The mouse Ighg1 gene is homologous to the human IGHG1, IGHG2, and IGHG3 genes. B6-IgG1 KO mice are constructed by knocking out the Ighg1 gene in mice, creating a model of IgG1 deficiency. This model provides an effective tool for research on diseases related to IgG1 deficiency.
Strain Strategy
The Ighg1 gene is located on chromosome 12 in mice. Using gene-editing technology, exons 1 to 6 of this gene have been knocked out.
Application
- Research on IgG1 Deficiency Diseases;
- Research on Hypogammaglobulinemia Related to IgG Deficiency;
- Study of the Mechanisms and Functions of Immunoglobulin G (IgG).
Validation Data
1. Serum IgG Level
Figure 1. Detection of IgG1 Levels in the Serum of 8-Week-Old B6-IgG1 KO Mice and Wild-Type Mice. Peripheral blood was collected from B6-IgG1 KO mice (IgG1-KO) and wild-type mice (WT) to isolate serum. The IgG1 levels in the serum were detected using ELISA. The results show a significant difference in the IgG1 levels between B6-IgG1 KO mice and wild-type mice, with nearly no IgG1 expression in the serum of the B6-IgG1 KO mice.
2. Summary
An IgG1 deficiency model mouse was constructed by using gene-editing technology to knock out the Ighg1 gene in mice. The model mice were evaluated using serum ELISA detection. The results showed that, compared to wild-type control mice, the serum IgG1 expression levels in B6-IgG1-KO mice were significantly reduced, with almost no expression, confirming the successful establishment of the model. This model can be used for subsequent research on diseases related to IgG1 deficiency, providing a strong and effective tool for human disease research.
References
[1]Vidarsson G, Dekkers G, Rispens T. IgG subclasses and allotypes: from structure to effector functions. Front Immunol. 2014 Oct 20;5:520.

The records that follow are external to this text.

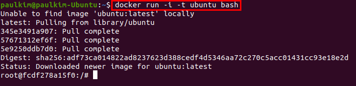 $ docker run -i -t ubuntu bash
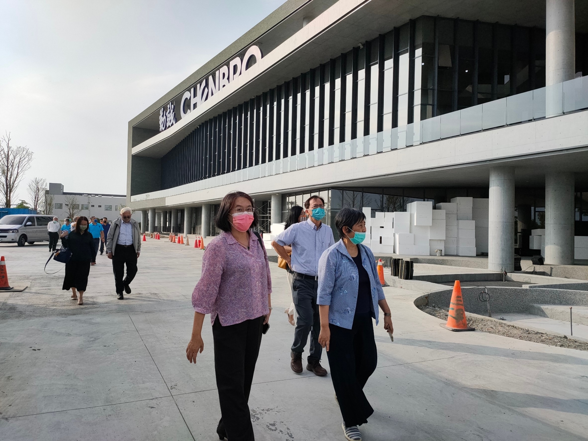 ►(圖一)陳美琪董事長帶領雲科大團隊參觀廠區外部景觀設計。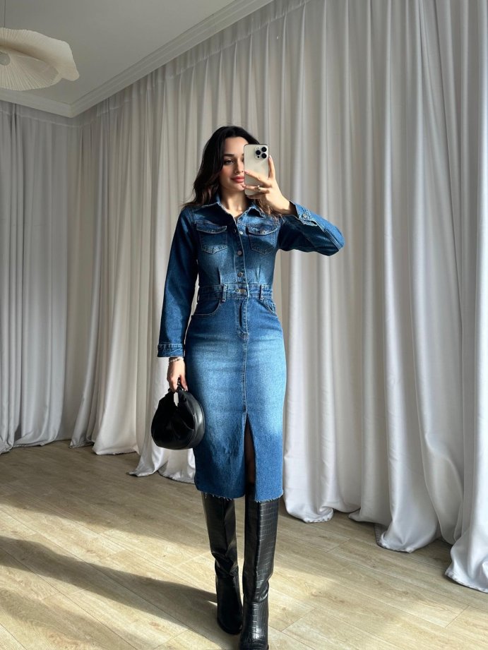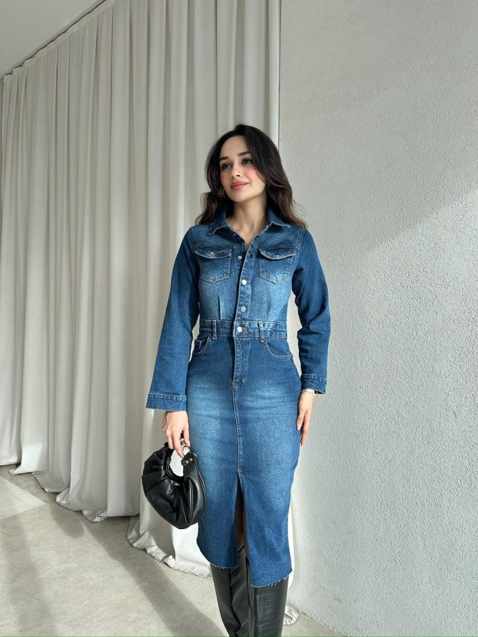 HARVEST Denim Midi Elbise 8834 - Mavi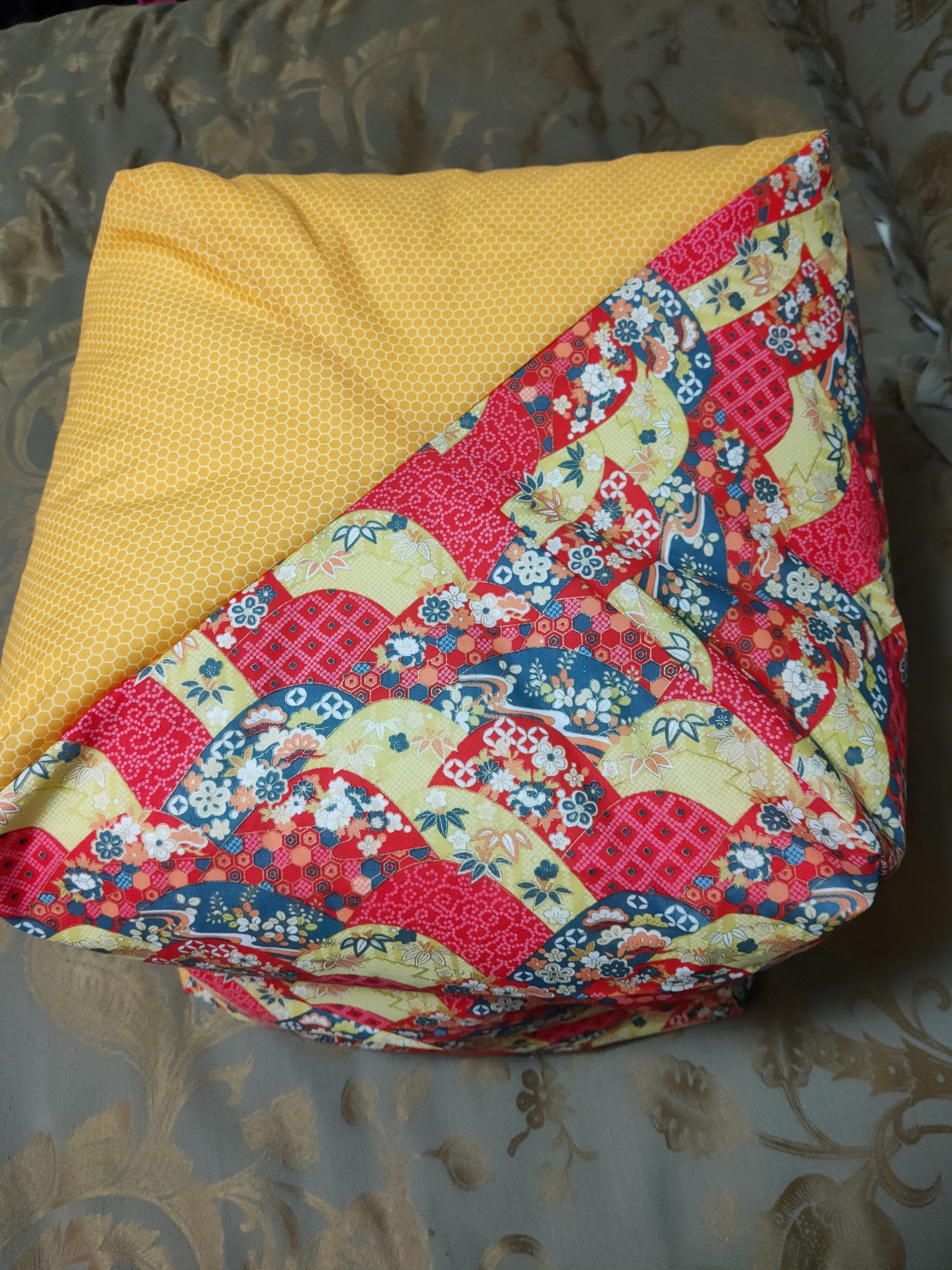 In my searching I came across a variation on the theme, the wonder box. I made up the pattern a constructed the square version. It was ideal for a large stockpot. I preferred a smaller version for my travels so scaled down the pattern and made a smaller version.
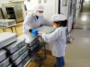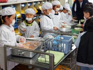 しばらくぶりの給食に、子どもたちは嬉しそうに準備をしていました。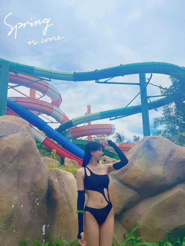 Khánh Vy - vợ Phan Mạnh Quỳnh khoe dáng với bikini cut-out độc đáo. Người đẹp tiết lộ: "Chơi tan nát hết các trò cảm giác mạnh và chụp rất nhiều ảnh có thể. Nếu năm sau đẻ không có ảnh đăng mình sẽ có ảnh đăng dần".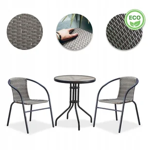 Komplet mebli ogrodowych stolik z hartowanym blatem + 2 krzesła z technorattanu brązowe Idealny do ogrodu, na taras i balkon Dwa wygodne krzesła, wykonane z ...

[2]de Taeye SW, Bentlage AEH, Mebius MM, Meesters JI, Lissenberg-Thunnissen S, Falck D, Sénard T, Salehi N, Wuhrer M, Schuurman J, Labrijn AF, Rispens T, Vidarsson G. FcγR Binding and ADCC Activity of Human IgG Allotypes. Front Immunol. 2020 May 6;11:740.
[3]Pereira NA, Chan KF, Lin PC, Song Z. The "less-is-more" in therapeutic antibodies: Afucosylated anti-cancer antibodies with enhanced antibody-dependent cellular cytotoxicity. MAbs. 2018 Jul;10(5):693-711.
[4]O'Keeffe S, Finnegan P. IgG subclass deficiency. Chest. 1993 Dec;104(6):1940.
[5]Barton JC, Barton JC, Bertoli LF, Acton RT. Factors associated with IgG levels in adults with IgG subclass deficiency. BMC Immunol. 2021 Aug 9;22(1):53.